Lobo Ferreira, J. P. C.
Keywords: Wastewater reuse;Water quality improvement;Soil-Aquifer Treatment (SAT);Reactive layer;SB Messines
Issue Date: May-2017
Publisher: EWA
Abstract: Water scarcity episodes are being experienced in many parts of the Mediterranean Basin as a result of changes in rainfall intensity and duration, causing more intense extreme events, like droughts and river floods.

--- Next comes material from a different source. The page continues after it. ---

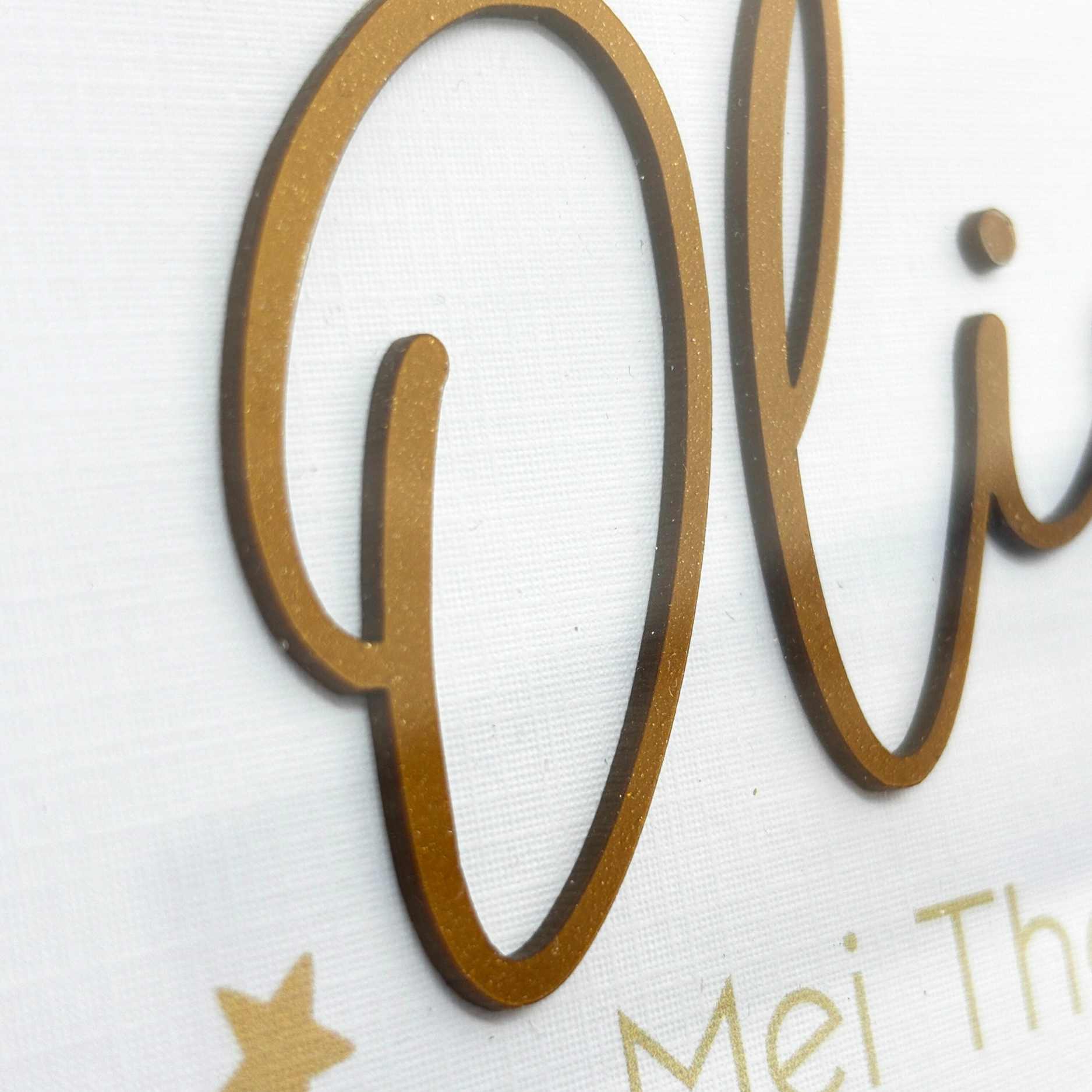 Celebrate the arrival of a little one with this stunning 3D personalised birth print, featuring all the essential birth details and elegant laser-cut acrylic mirror accents that add a unique, eye-catching touch.
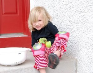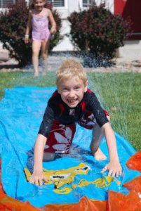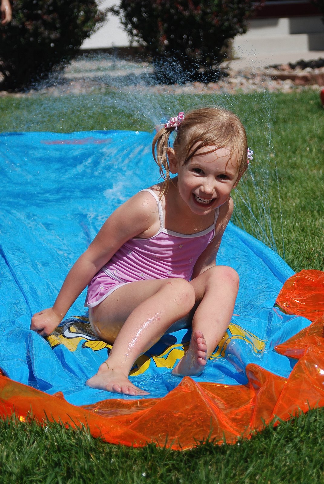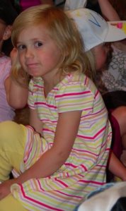 Okay, so today I rounded up the kids and we headed off to the library to read and check out some books we had on hold. I went in first figuring all my ducklings were trailing behind me but when I looked back, Paige was standing off to the side of the front door, facing the wall, eyes tightly shut and her arms crossed. When I asked her what was wrong, all she could squeak out was “Spiky Ball”. Sure enough, on the counter in the Children’s Library were 5 colorful spiky balls lined up, prizes for those kids who could complete the summer reading program. I tried to get her to walk past, ignore them, anything so that we could spend more than a nanosecond in the library. Everything I suggested just made her scream louder…and we are talking blood curdling here. I was looking for an afternoon event to fill up the time and this was not going to be it. Sam swiftly retrieved our books on hold and we were out of the library in 5 minutes.

Adaptive and innovative water management strategies, such as the storage of reclaimed water or excess water from different sources in Managed Aquifer Recharge (MAR) schemes, can greatly increase the groundwater availability and therefore help addressing water scarcity challenges. Besides, water quality can be improved during transport of the infiltrated water through the unsaturated and saturated zone, together with Soil-Aquifer-Treatment (SAT) systems, due to chemical and biological reactions, linking water reclamation, water reuse, and water resources management (González et al., 2015). This paper presents the results of a DEMO scale experiment made in S. Bartolomeu de Messines (SBM) Waste Water Treatment Plant (WWTP), where SAT basin systems were built. The SAT systems aimed to improve the treated effluent water quality prior to its discharge in Ribeiro Meirinho, that later infiltrates in an important karstic aquifer along the river influent sections. The water quality enhancement was obtained using the soil's ability to reduce the concentrations of contaminants, namely pharmaceutical compounds and nutrients, through natural processes (e.g. particle retention, adsorption and biodegradation). Prior to this, soil-column experiments were conducted aiming to reproduce optimal SAT conditions using different soil mixtures as depuration media (Martins, 2016; Martins et al., 2016). The soil physico-chemical conditions were optimized in terms of permeability, organic matter content, and aerobic / anaerobic conditions. The results obtained showed an improvement of water infiltrated through SAT, for several pharmaceuticals and nutrients. This research was carried out under MARSOL project (Demonstrating Managed Aquifer Recharge as a Solution to Water Scarcity and Drought), whose main objective was to demonstrate that MAR is a sound, safe and sustainable strategy that can be applied with great confidence and therefore offering a key approach for tackling water scarcity in Southern Europe.